◆ Exercise data:
★ ★ ★ ★ ★ ★ ★

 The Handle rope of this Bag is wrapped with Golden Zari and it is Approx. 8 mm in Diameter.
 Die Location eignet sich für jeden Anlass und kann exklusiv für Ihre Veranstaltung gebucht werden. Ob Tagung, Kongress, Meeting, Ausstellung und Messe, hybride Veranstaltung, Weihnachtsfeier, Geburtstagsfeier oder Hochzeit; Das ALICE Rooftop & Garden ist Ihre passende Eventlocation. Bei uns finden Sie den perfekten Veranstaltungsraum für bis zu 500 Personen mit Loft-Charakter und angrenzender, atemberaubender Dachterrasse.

★ ★ ★ ★ ★ ★ ★

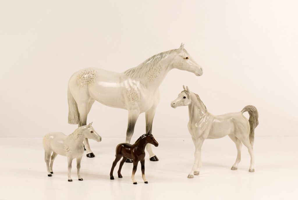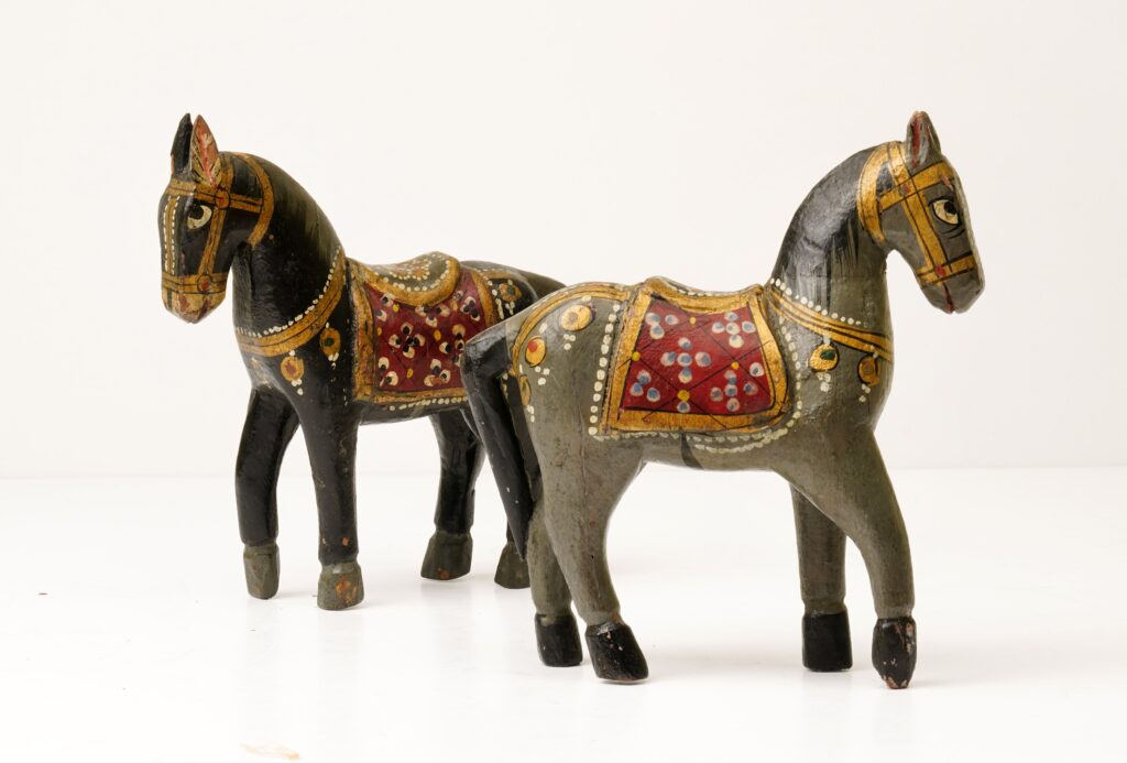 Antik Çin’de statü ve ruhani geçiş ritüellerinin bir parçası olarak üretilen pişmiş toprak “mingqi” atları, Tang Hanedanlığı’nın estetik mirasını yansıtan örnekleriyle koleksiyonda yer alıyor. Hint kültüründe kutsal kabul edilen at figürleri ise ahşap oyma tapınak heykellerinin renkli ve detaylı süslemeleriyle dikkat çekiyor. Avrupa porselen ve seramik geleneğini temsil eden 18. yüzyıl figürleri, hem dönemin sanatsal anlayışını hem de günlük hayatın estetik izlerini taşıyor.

★ ★ ★ ★ ★ ★ ★

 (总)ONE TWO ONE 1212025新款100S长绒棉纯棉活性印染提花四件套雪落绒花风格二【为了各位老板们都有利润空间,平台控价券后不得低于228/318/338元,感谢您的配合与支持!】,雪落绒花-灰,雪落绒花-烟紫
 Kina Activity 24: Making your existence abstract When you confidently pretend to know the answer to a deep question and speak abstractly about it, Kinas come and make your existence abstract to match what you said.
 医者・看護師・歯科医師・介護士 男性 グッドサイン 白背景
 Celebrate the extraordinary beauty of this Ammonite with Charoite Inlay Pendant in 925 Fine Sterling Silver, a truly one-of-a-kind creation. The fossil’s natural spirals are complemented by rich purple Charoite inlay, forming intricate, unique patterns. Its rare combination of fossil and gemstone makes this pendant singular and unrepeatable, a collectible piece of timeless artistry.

★ ★ ★ ★ ★ ★ ★

◆ Activity:
From the records above, state how many lines contain the word "this", and leave out everything else.

◆ Task result:
2